Is conforming damaging your creativity?

“I like how they do it. Can you make it look and feel like that?” As a creator, this phrase should fill you with more than a little dread. Of all the bold new ways to visualise a product or service, imitation is often what most people choose. This is a strange irony of our time. As more brands are created than ever before, each day they look more and more similar. Why?

Many reasons I suspect. But a significant one is the pressure to conform. 

We all do it to a greater or lesser degree. In day-to-day living - for most of us - there is no escaping its effect.

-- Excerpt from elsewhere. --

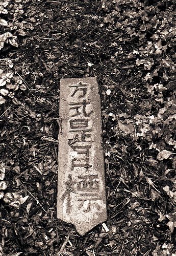 29 Kanji Zeichen auf dem Gartenweg Pentax K2, 1.4/50, 400TX/400 - 08.01.2012 - |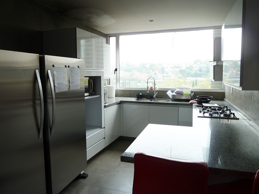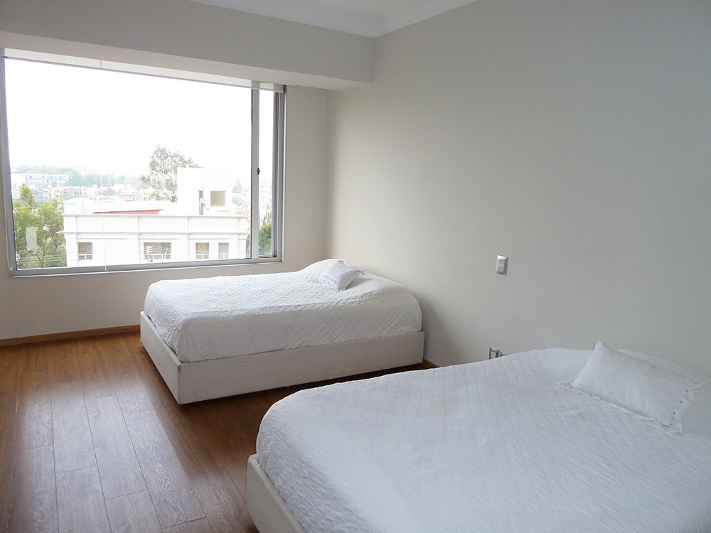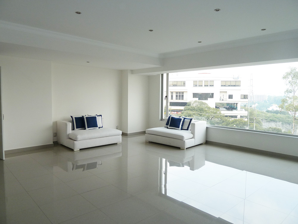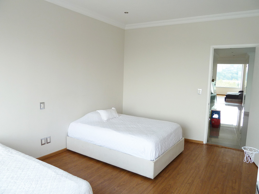 Departamento con excelentes vistas, entrada principal baño de visitas, closet de visitas, amplia estancia, ante comedor, cocina grande, área de lavado muy grande, cuarto de servicio con baño, closet de blancos, sala de t.v., 3 amplias recámaras con vestidor y baño, 3 cajones de estacionamiento y bodega.

Airlines mostly look the same. Corporate logos are frequently unmemorable. Most websites (including this one) have their menu header horizontally at the page top. Most sneakers have laces.

Why not do what has been done before? After all, it often attracts an audience. It feels familiar. It gets results. Often this conformity is for good reason. Function dictates the form and provided it aligns with the broader story you want to tell to your audience, then fine.

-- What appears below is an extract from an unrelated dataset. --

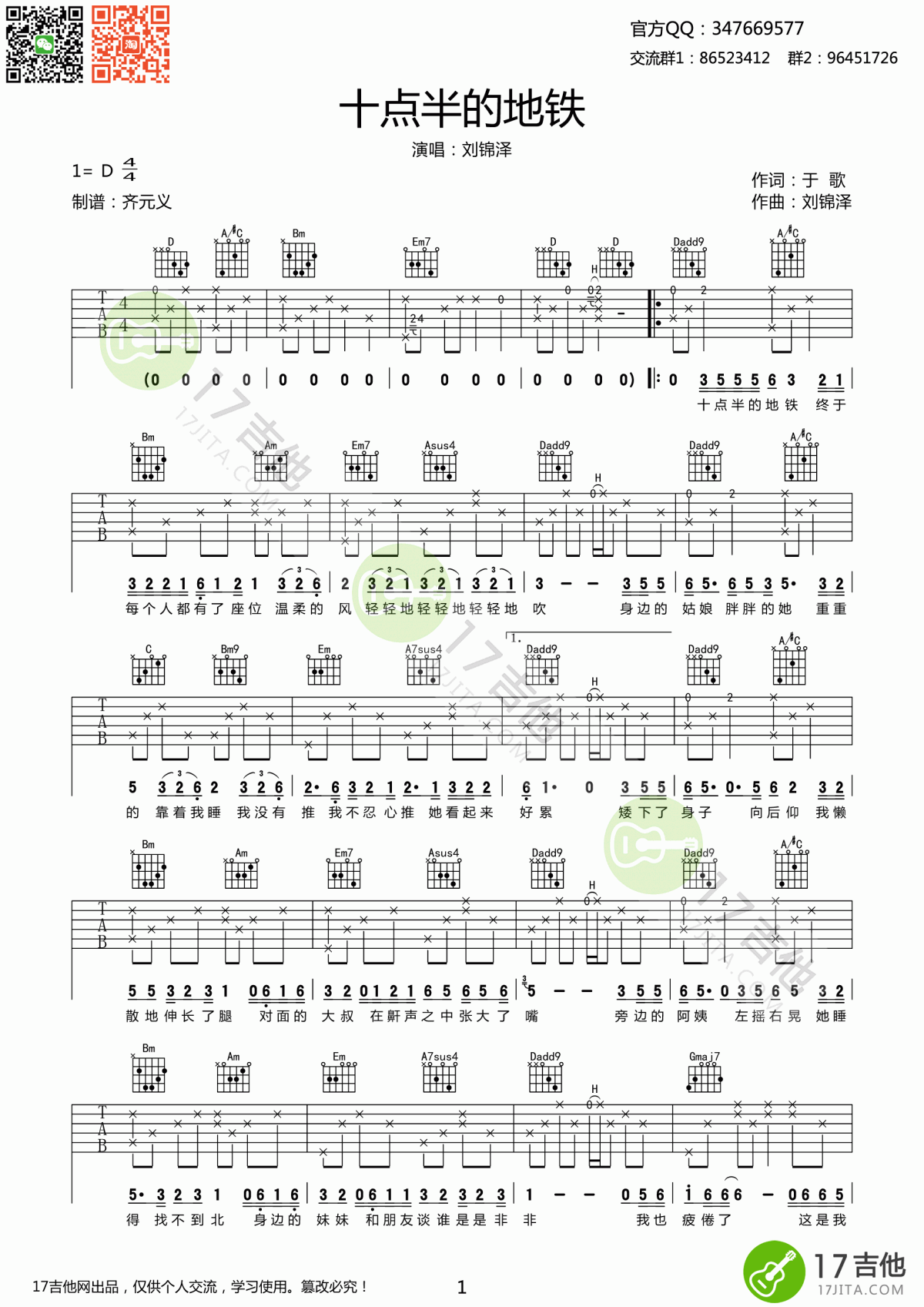 十点半的地铁吉他谱 - 刘锦泽 - D调吉他弹唱谱

But if your new idea holds the potential to disrupt an industry or a project you work on will protect a precious environment, is “can you make it look and feel like that” really going to work?

A sure way to become invisible and unnoticed is to create for approval. We all seek approval. From our family, at home and at work. It is an enduring human characteristic. But with 1.5 billion websites and 4.6 billion active internet users, standing out is hard. It will be even harder if you look similar to everyone else.

A solution? Create with authenticity. The moment you choose to create with authenticity, is the moment you leave average behind. So, what is it? Depending on who you are, authenticity means different things. For me, it means playing the music I want to play, not what I think people want to hear. Writing words without fear of criticism and creating imagery stemming from the uniqueness of my worldview. 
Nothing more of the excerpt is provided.